→ What you will do
Every entry below is to be retyped exactly as it appears.

→ Records for the exercise
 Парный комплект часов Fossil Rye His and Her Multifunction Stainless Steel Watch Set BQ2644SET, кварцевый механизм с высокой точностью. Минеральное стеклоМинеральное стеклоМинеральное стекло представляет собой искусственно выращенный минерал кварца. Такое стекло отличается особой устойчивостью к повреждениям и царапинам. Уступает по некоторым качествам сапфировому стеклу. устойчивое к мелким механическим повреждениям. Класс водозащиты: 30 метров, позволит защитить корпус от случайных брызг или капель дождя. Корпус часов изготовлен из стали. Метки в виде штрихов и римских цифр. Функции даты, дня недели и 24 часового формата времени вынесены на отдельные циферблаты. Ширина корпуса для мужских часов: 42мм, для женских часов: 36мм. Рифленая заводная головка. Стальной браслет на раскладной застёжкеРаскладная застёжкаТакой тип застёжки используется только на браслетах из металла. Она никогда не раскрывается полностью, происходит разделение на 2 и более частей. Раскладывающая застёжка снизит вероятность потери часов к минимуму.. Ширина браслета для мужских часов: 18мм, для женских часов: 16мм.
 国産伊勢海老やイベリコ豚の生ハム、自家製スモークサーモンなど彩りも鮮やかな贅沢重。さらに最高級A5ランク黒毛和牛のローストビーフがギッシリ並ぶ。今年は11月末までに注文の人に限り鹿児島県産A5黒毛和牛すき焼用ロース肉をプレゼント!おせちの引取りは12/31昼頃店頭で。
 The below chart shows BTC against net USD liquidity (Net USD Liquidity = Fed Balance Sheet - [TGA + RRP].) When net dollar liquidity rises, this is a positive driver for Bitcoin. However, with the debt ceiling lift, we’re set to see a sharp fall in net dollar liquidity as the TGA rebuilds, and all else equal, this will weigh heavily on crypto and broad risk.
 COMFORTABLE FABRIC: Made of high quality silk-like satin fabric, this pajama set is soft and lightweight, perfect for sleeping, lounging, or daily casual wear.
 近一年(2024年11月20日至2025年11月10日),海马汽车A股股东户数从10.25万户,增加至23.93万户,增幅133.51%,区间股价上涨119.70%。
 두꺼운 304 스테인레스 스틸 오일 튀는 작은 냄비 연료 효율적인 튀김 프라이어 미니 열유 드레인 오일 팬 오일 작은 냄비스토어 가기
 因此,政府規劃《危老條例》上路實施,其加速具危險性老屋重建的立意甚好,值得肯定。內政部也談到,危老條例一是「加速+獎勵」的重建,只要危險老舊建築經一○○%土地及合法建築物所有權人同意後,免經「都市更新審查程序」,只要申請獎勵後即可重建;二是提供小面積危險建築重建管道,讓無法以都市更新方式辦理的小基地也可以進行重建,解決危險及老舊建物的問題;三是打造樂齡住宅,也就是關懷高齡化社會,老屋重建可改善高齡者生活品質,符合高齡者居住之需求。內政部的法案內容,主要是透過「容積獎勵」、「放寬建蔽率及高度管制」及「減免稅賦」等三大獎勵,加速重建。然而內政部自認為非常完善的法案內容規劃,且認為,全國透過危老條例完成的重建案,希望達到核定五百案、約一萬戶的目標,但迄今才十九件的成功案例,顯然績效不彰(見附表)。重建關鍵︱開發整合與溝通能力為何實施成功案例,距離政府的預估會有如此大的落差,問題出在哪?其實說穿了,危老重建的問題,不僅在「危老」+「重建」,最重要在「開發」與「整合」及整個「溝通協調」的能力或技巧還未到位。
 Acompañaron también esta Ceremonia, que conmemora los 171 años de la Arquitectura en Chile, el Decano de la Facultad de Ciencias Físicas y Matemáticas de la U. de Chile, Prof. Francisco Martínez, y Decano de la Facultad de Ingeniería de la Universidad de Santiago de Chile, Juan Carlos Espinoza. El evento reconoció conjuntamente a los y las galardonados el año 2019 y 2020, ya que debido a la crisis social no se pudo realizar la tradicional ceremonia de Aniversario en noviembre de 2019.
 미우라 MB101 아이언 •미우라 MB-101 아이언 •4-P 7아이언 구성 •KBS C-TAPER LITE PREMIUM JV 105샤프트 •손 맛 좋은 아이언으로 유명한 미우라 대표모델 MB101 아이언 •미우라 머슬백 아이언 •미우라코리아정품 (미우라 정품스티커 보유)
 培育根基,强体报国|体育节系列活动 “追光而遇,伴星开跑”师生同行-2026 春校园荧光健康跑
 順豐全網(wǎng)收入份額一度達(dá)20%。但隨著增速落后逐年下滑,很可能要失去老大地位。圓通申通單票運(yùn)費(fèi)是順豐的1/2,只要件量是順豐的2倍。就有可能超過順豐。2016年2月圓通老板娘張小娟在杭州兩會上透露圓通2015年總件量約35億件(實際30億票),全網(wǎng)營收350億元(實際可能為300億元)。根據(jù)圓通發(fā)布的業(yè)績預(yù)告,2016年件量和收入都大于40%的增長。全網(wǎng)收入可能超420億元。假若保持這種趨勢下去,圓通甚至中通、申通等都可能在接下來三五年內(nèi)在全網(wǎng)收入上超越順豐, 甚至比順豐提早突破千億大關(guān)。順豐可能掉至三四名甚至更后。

→ Solution to the problem
 Парный комплект часов Fossil Rye His and Her Multifunction Stainless Steel Watch Set BQ2644SET, кварцевый механизм с высокой точностью. Минеральное стеклоМинеральное стеклоМинеральное стекло представляет собой искусственно выращенный минерал кварца. Такое стекло отличается особой устойчивостью к повреждениям и царапинам. Уступает по некоторым качествам сапфировому стеклу. устойчивое к мелким механическим повреждениям. Класс водозащиты: 30 метров, позволит защитить корпус от случайных брызг или капель дождя. Корпус часов изготовлен из стали. Метки в виде штрихов и римских цифр. Функции даты, дня недели и 24 часового формата времени вынесены на отдельные циферблаты. Ширина корпуса для мужских часов: 42мм, для женских часов: 36мм. Рифленая заводная головка. Стальной браслет на раскладной застёжкеРаскладная застёжкаТакой тип застёжки используется только на браслетах из металла. Она никогда не раскрывается полностью, происходит разделение на 2 и более частей. Раскладывающая застёжка снизит вероятность потери часов к минимуму.. Ширина браслета для мужских часов: 18мм, для женских часов: 16мм.
 国産伊勢海老やイベリコ豚の生ハム、自家製スモークサーモンなど彩りも鮮やかな贅沢重。さらに最高級A5ランク黒毛和牛のローストビーフがギッシリ並ぶ。今年は11月末までに注文の人に限り鹿児島県産A5黒毛和牛すき焼用ロース肉をプレゼント!おせちの引取りは12/31昼頃店頭で。
 The below chart shows BTC against net USD liquidity (Net USD Liquidity = Fed Balance Sheet - [TGA + RRP].) When net dollar liquidity rises, this is a positive driver for Bitcoin. However, with the debt ceiling lift, we’re set to see a sharp fall in net dollar liquidity as the TGA rebuilds, and all else equal, this will weigh heavily on crypto and broad risk.
 COMFORTABLE FABRIC: Made of high quality silk-like satin fabric, this pajama set is soft and lightweight, perfect for sleeping, lounging, or daily casual wear.
 近一年(2024年11月20日至2025年11月10日),海马汽车A股股东户数从10.25万户,增加至23.93万户,增幅133.51%,区间股价上涨119.70%。
 두꺼운 304 스테인레스 스틸 오일 튀는 작은 냄비 연료 효율적인 튀김 프라이어 미니 열유 드레인 오일 팬 오일 작은 냄비스토어 가기
 因此,政府規劃《危老條例》上路實施,其加速具危險性老屋重建的立意甚好,值得肯定。內政部也談到,危老條例一是「加速+獎勵」的重建,只要危險老舊建築經一○○%土地及合法建築物所有權人同意後,免經「都市更新審查程序」,只要申請獎勵後即可重建;二是提供小面積危險建築重建管道,讓無法以都市更新方式辦理的小基地也可以進行重建,解決危險及老舊建物的問題;三是打造樂齡住宅,也就是關懷高齡化社會,老屋重建可改善高齡者生活品質,符合高齡者居住之需求。內政部的法案內容,主要是透過「容積獎勵」、「放寬建蔽率及高度管制」及「減免稅賦」等三大獎勵,加速重建。然而內政部自認為非常完善的法案內容規劃,且認為,全國透過危老條例完成的重建案,希望達到核定五百案、約一萬戶的目標,但迄今才十九件的成功案例,顯然績效不彰(見附表)。重建關鍵︱開發整合與溝通能力為何實施成功案例,距離政府的預估會有如此大的落差,問題出在哪?其實說穿了,危老重建的問題,不僅在「危老」+「重建」,最重要在「開發」與「整合」及整個「溝通協調」的能力或技巧還未到位。
 Acompañaron también esta Ceremonia, que conmemora los 171 años de la Arquitectura en Chile, el Decano de la Facultad de Ciencias Físicas y Matemáticas de la U. de Chile, Prof. Francisco Martínez, y Decano de la Facultad de Ingeniería de la Universidad de Santiago de Chile, Juan Carlos Espinoza. El evento reconoció conjuntamente a los y las galardonados el año 2019 y 2020, ya que debido a la crisis social no se pudo realizar la tradicional ceremonia de Aniversario en noviembre de 2019.
 미우라 MB101 아이언 •미우라 MB-101 아이언 •4-P 7아이언 구성 •KBS C-TAPER LITE PREMIUM JV 105샤프트 •손 맛 좋은 아이언으로 유명한 미우라 대표모델 MB101 아이언 •미우라 머슬백 아이언 •미우라코리아정품 (미우라 정품스티커 보유)
 培育根基,强体报国|体育节系列活动 “追光而遇,伴星开跑”师生同行-2026 春校园荧光健康跑
 順豐全網(wǎng)收入份額一度達(dá)20%。但隨著增速落后逐年下滑,很可能要失去老大地位。圓通申通單票運(yùn)費(fèi)是順豐的1/2,只要件量是順豐的2倍。就有可能超過順豐。2016年2月圓通老板娘張小娟在杭州兩會上透露圓通2015年總件量約35億件(實際30億票),全網(wǎng)營收350億元(實際可能為300億元)。根據(jù)圓通發(fā)布的業(yè)績預(yù)告,2016年件量和收入都大于40%的增長。全網(wǎng)收入可能超420億元。假若保持這種趨勢下去,圓通甚至中通、申通等都可能在接下來三五年內(nèi)在全網(wǎng)收入上超越順豐, 甚至比順豐提早突破千億大關(guān)。順豐可能掉至三四名甚至更后。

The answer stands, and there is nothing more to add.